Some people love the holidays for everything from the joyful jingles and decorations to the shopping and festivities. But when I was single, the holidays were not so jolly. If you are like me, you probably want to just hibernate until January 2nd. I used to think my life (and happiness) was on hold until Mr. Right came along. What I didn't realize was that my holiday blues held the key to why I didn't have love in my life.
When you feel that familiar unease, think of it as a part of you that believes you deserve more in life and it wants you to have love. This unsettled energy in you wants to be expressed through a romantic relationship. We think the triggers that show up during holiday season are bad, but the stress is actually caused by a battle between the part that wants love and the part of you that resists it.
Many people try to drown their relationship-related sadness with too many drinks at the company holiday party. They numb away that voice inside that says, "I want that too!" when they see a happy couple, or feel left out in a sea of families. Do you ever feel like that? If so, you understand the desire to run and hide and feel sorry for yourself — instead of facing your current reality. The key to finding love is inside the trigger. The idea of having a loving relationship should create excitement and anticipation, not pain. The discomfort is a clue that your desire for love is clouded with a lesser desire to feel good enough, worthy, or secure through another person. Your mind is reflecting back (by the way of emotional triggers) what you can't consciously see about your true beliefs around love.
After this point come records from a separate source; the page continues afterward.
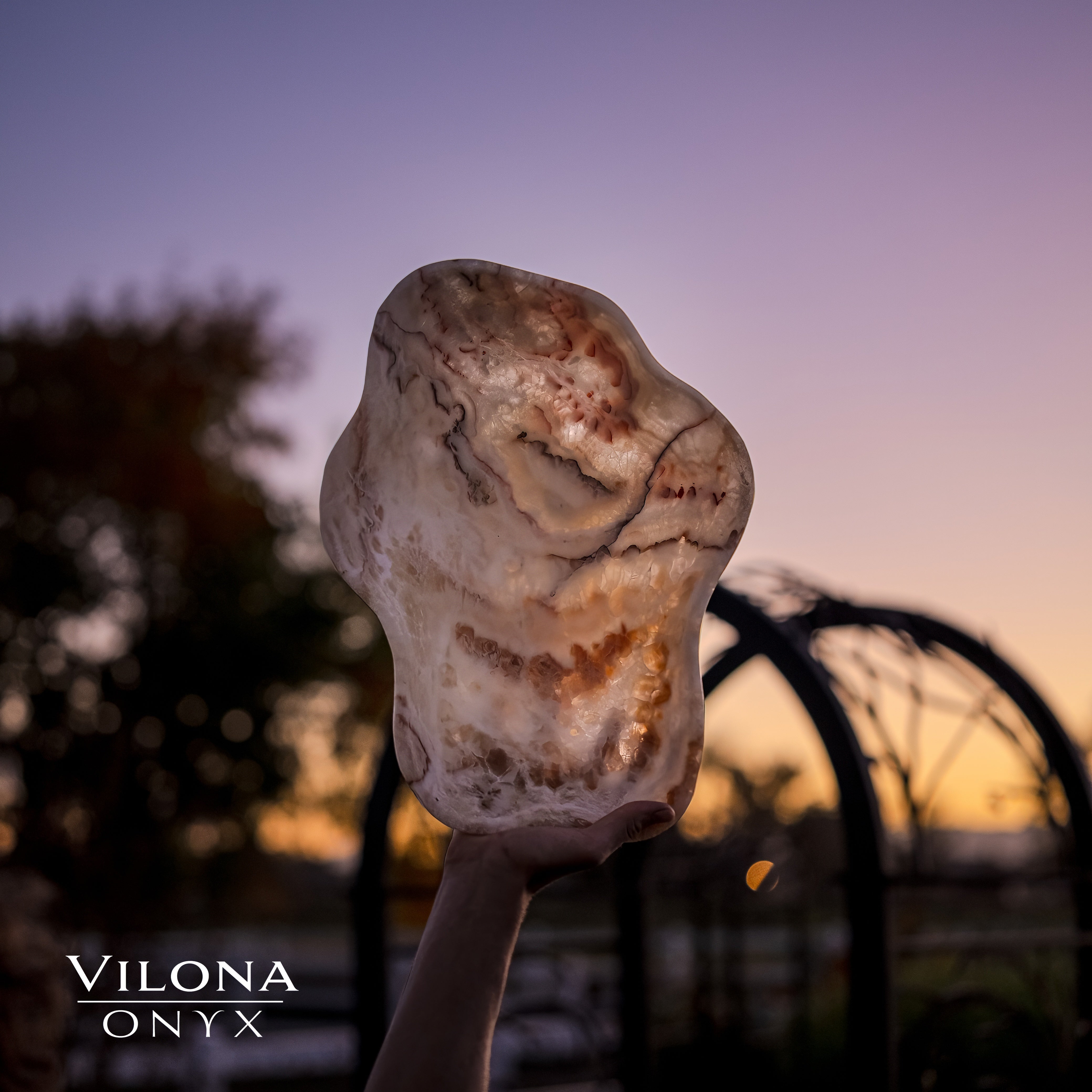 We're excited to reveal Exotic Tangerine Onyx, the newest gem from our quarry! This captivating mix of tan/green and multicolor is absolutely breathtaking. We offer a range of styles in this distinctive shade, but act quickly - it's a limited edition, (1/2) and once they're gone, there's no coming back! Stay on the lookout for this uncommon and mesmerizing onyx hue. Believe us, it's not something you'll want to let pass by.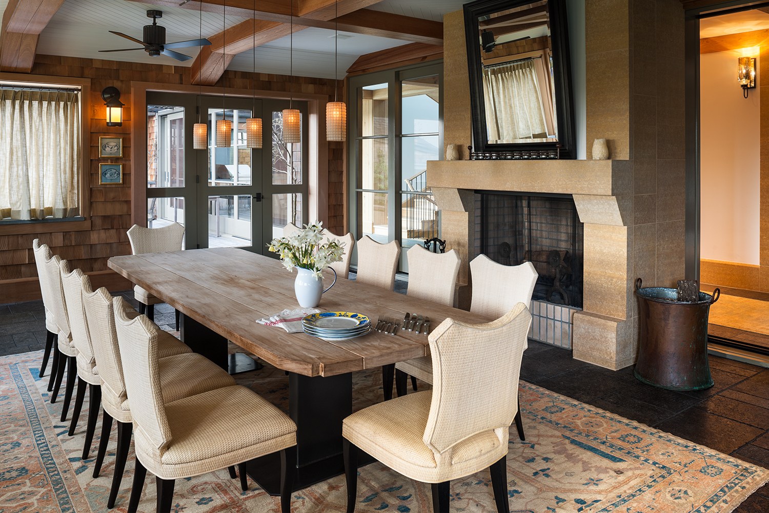 Столовая с камином в частном доме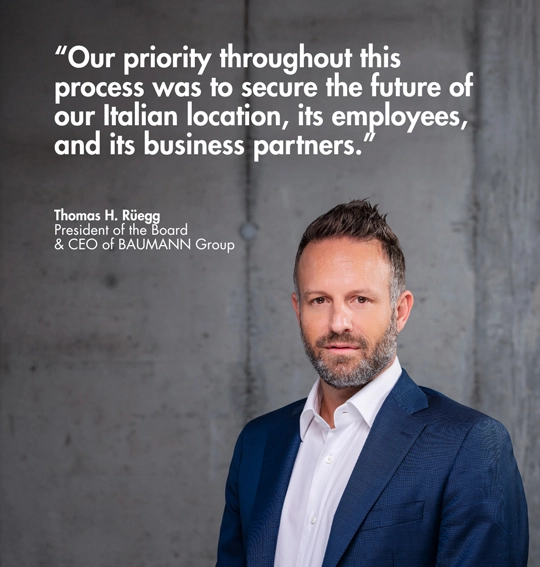 Ermenswil, 2nd December 2025 – BAUMANN Group today announced the successful transition of ownership of its Italian subsidiary, Prodotti BAUMANN s.r.l., to Newport & Co S.p.A., effective November 28th, 2025. This step marks an important milestone in BAUMANN’s strategic transformation into a global specialist, reinforcing our commitment to global growth, a balanced international footprint, and continued portfolio transformation to secure long-term resilience.
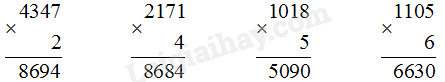 Thực hiện phép nhân, lấy thừa số thứ hai nhân với từng chữ số của thừa số thứ nhất theo thứ tự từ phải sang trái, chú ý số cần nhớ.

If you truly believed love was possible and it was only a matter of time, then you wouldn't be emotionally tossed around when your cousin, co-worker or best-friend gets engaged. You would see their results as a reminder that love is also possible for you. You would be filled with joy for them and feel love is closer than ever.
Of course, we are not perfect! Knowing this intellectually is a lot easier than embodying it in your heart as true. In order to transcend your old way of thinking, you can start with using your holiday blues as a transformational tool.
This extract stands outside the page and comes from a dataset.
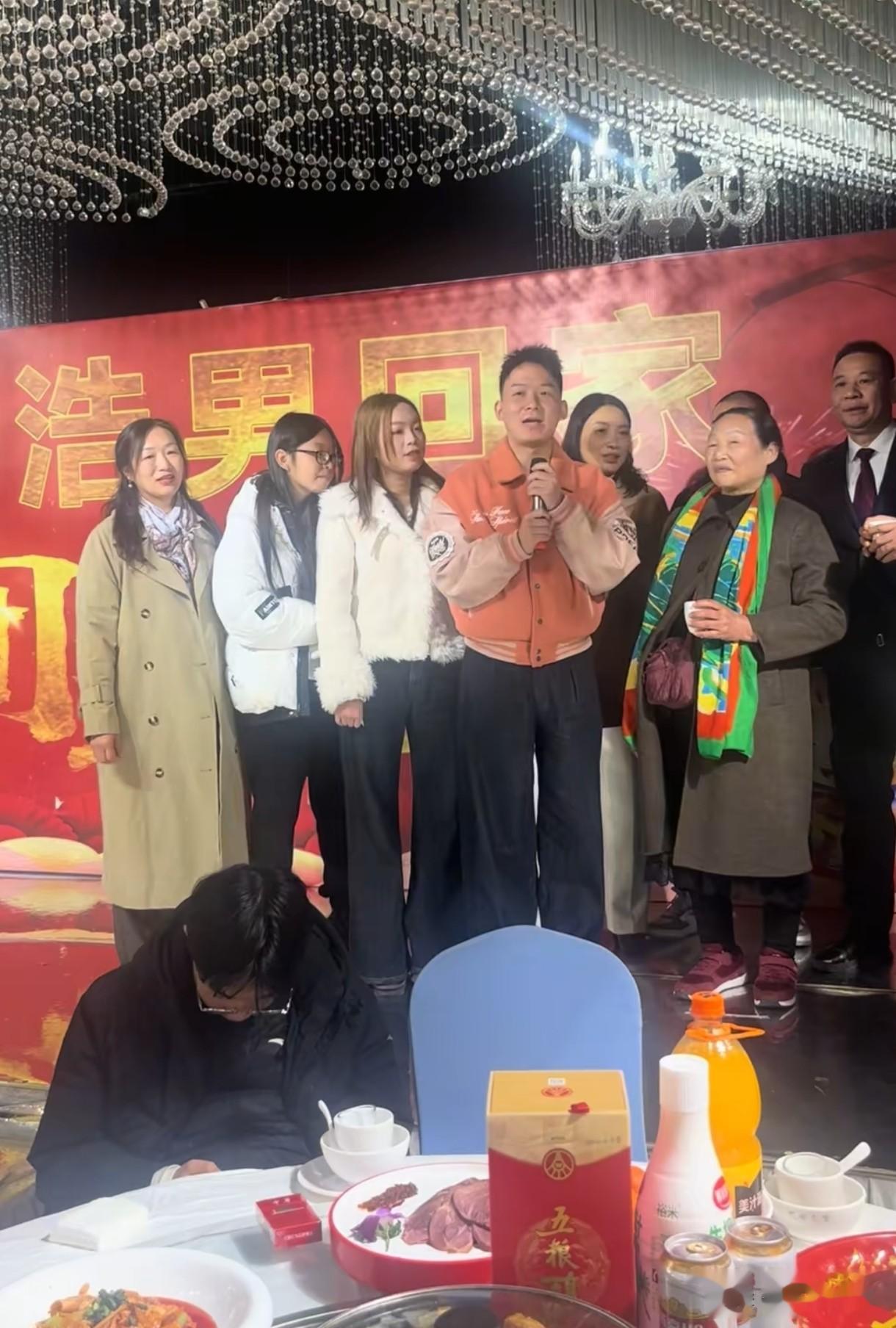 现场的牌子上写着几个大字“欢迎浩男回家”,这几个字可太有意思了!

- First step: Identify the feeling. Is it fear, anxiety, anger?
- Second step: Ask yourself truthfully, would meeting someone alleviate this feeling or magnify it?
- Third step: Give the feeling a character name (Scrooge comes to mind).
- Fourth step: Ask your inner scrooge what it really needs to feel better. Keep asking the question until you get to a feeling.
- Fifth Step: Find ways to give yourself this feeling every day so you don't feel dependent on getting it from others.
As you practice this exercise, you will notice that you are not as triggered anymore. You will start to say, "Good for them!" when you see a happy couple or "Yes!" with joyful anticipation. Happy couples are the positive aspects of your shadow. If you don't see people in love, you couldn't possibly have the potential inside of you.
Remember that the energy you put out is reflected back to you. Holding fear, anger, and anxiety will only bring more circumstances that reinforce those feelings. Why not focus on the happiness and joy so you can transform your external reality into circumstances and people who reflect that back? When you realize that the power and choice has always been inside of you as to how to feel and what you create, you tap into the limitless imagination of your spirit or soul. You start creating miracles in your love life.
So go ahead: thank all those gooey, happy couples for reminding you of what is possible — and you will be celebrating the new year with a lasting relationship sooner than you think.